Task brief | Your answer must be the listing repeated word for word, without its pictures.

Information provided |
# # # # #

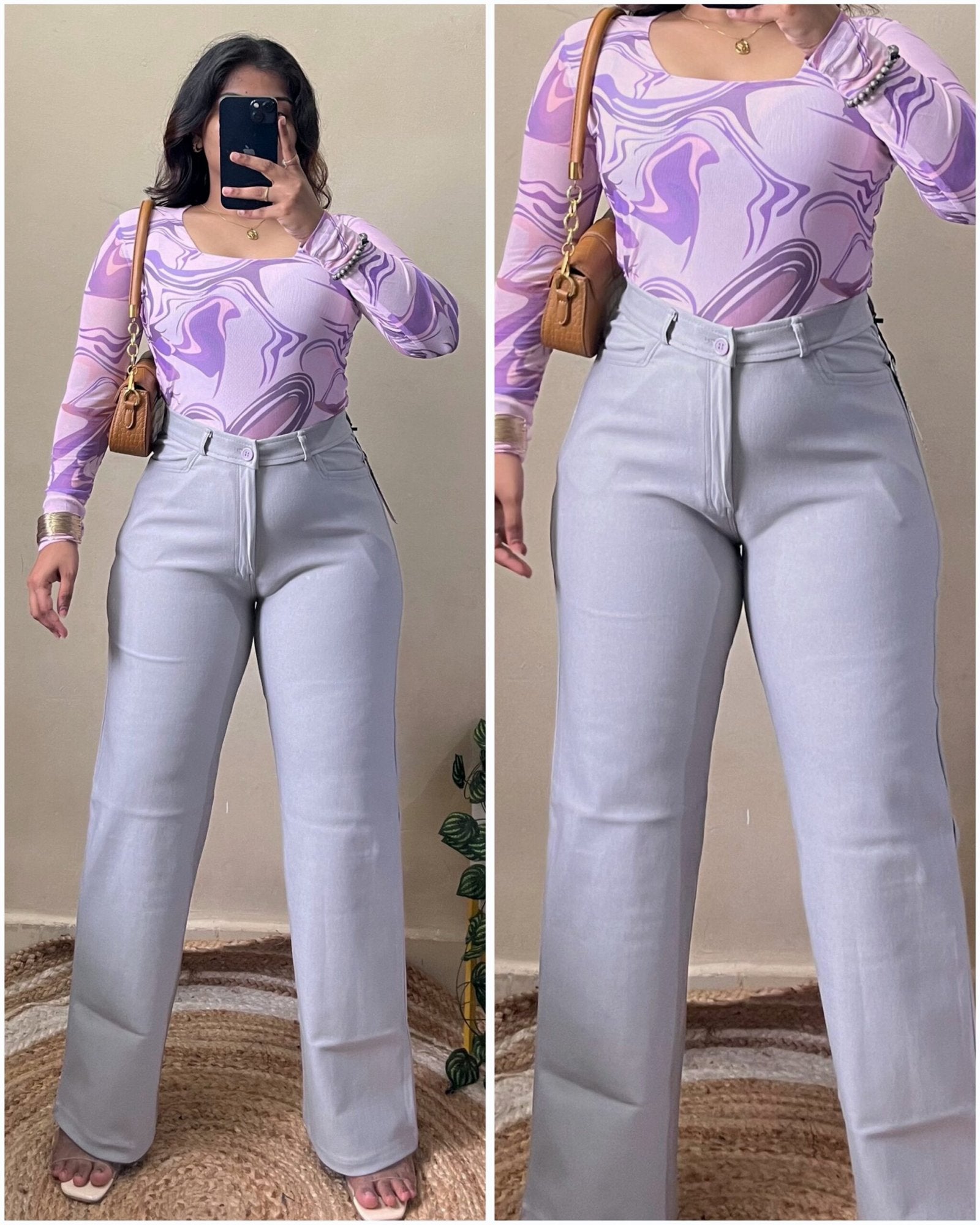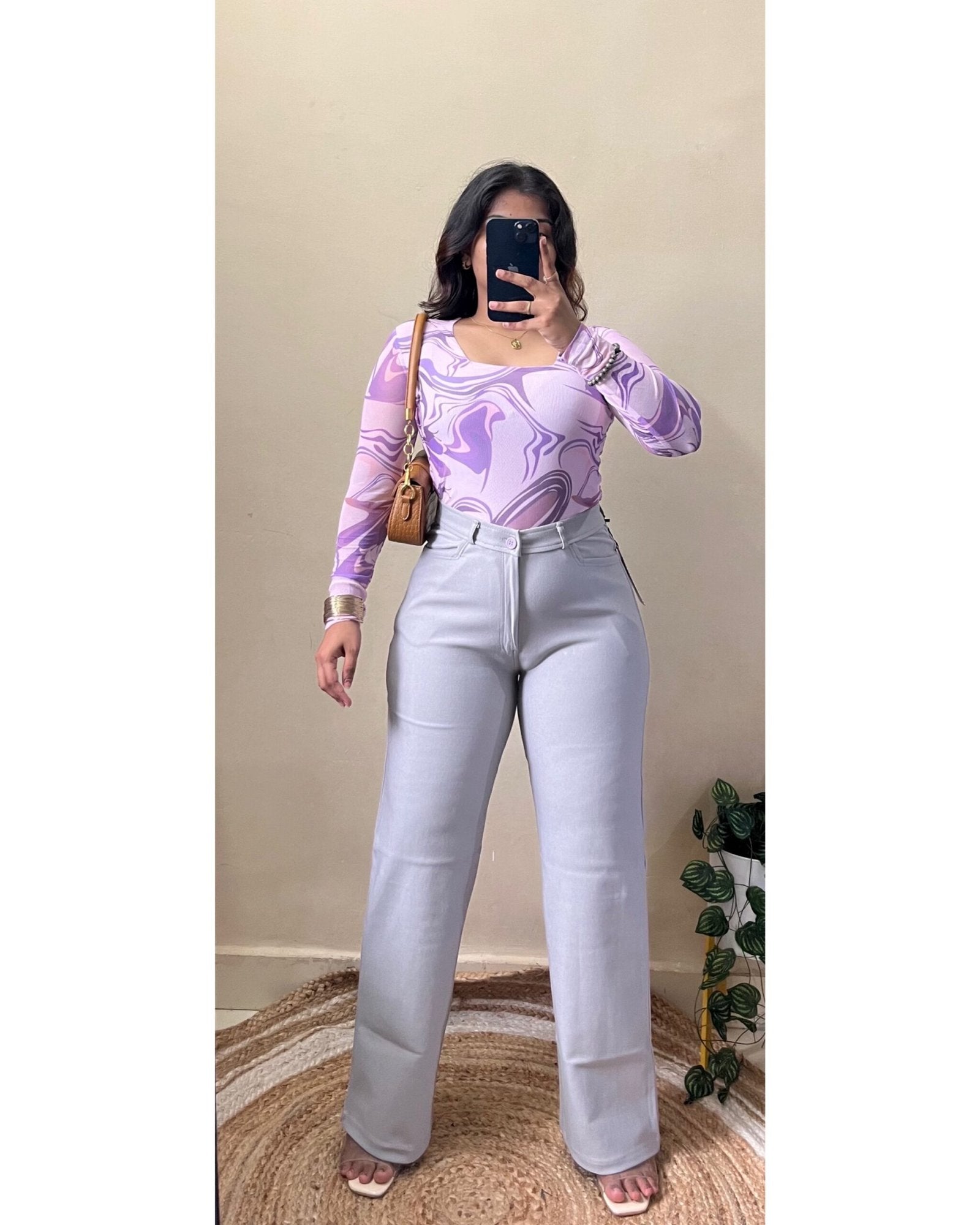 Grey High Waisted Straight Fit Pant
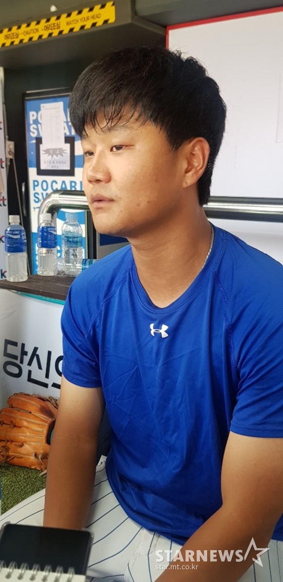 지난 8월 5일 신인드래프트 트라이아웃 이후 취재진의 질문에 답하고 있는 손호영. /사진=이원희 기자
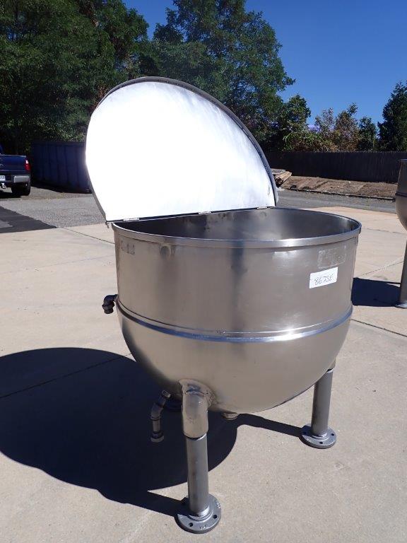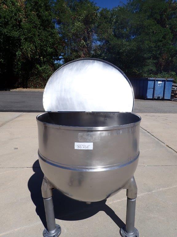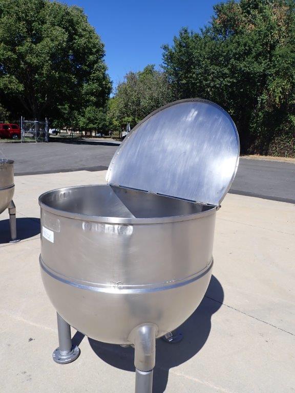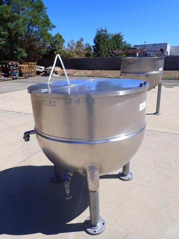 1-Used Groen 150 Gallon Stainless Steel Jacketed Hemispherical Kettle. Dimensions 42 In. diameter X 34 In. Deep. Equipped with 3 In. diameter bottom outlet with Tri-Clamp fitting. On 16 In. high legs, kettle last used in food industry, equipped with stainless steel lid (Stock #8675E)
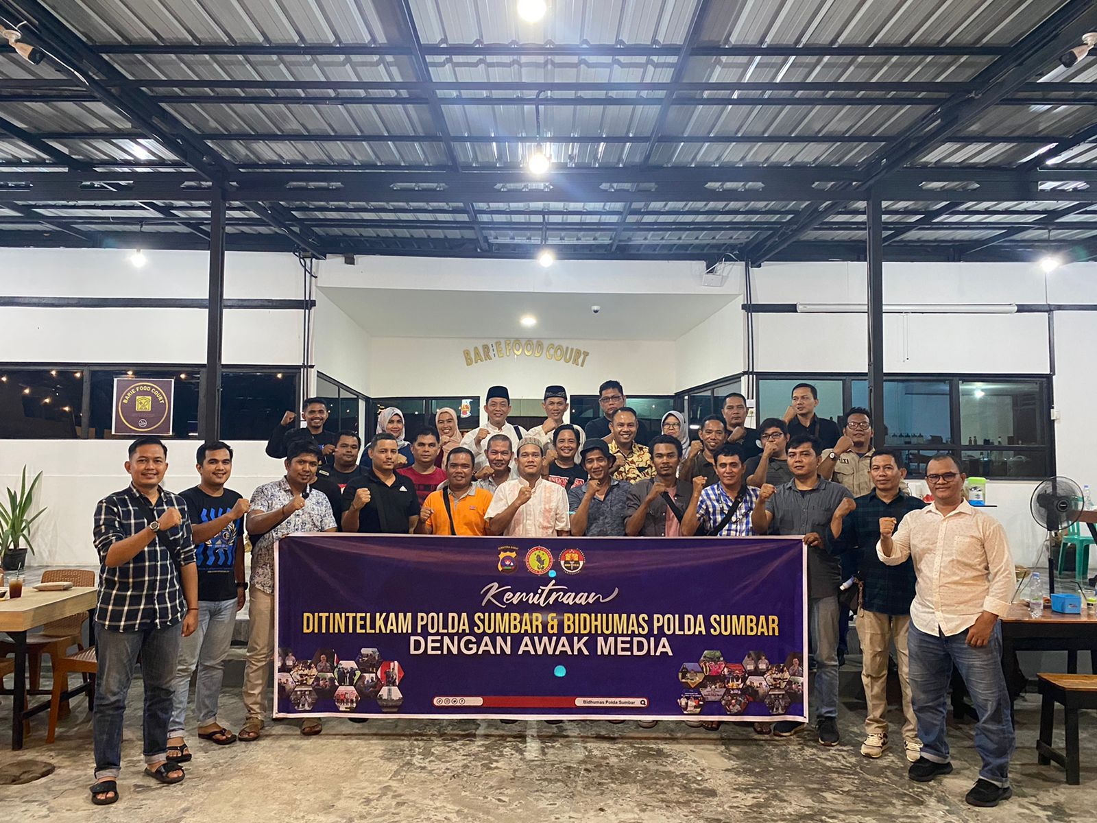 Padang, — Bidang Humas (Bidhumas) Polda Sumbar dan Ditintelkam, berbuka puasa bersama dengan sejumlah awak media di Barie Food Court, Padang, Rabu, (19/4). Kegiatan ini untuk menjalin kemitraan.

# # # # #

Answer to the exercise |
 Grey High Waisted Straight Fit Pant
 지난 8월 5일 신인드래프트 트라이아웃 이후 취재진의 질문에 답하고 있는 손호영. /사진=이원희 기자
 1-Used Groen 150 Gallon Stainless Steel Jacketed Hemispherical Kettle. Dimensions 42 In. diameter X 34 In. Deep. Equipped with 3 In. diameter bottom outlet with Tri-Clamp fitting. On 16 In. high legs, kettle last used in food industry, equipped with stainless steel lid (Stock #8675E)
 Padang, — Bidang Humas (Bidhumas) Polda Sumbar dan Ditintelkam, berbuka puasa bersama dengan sejumlah awak media di Barie Food Court, Padang, Rabu, (19/4). Kegiatan ini untuk menjalin kemitraan.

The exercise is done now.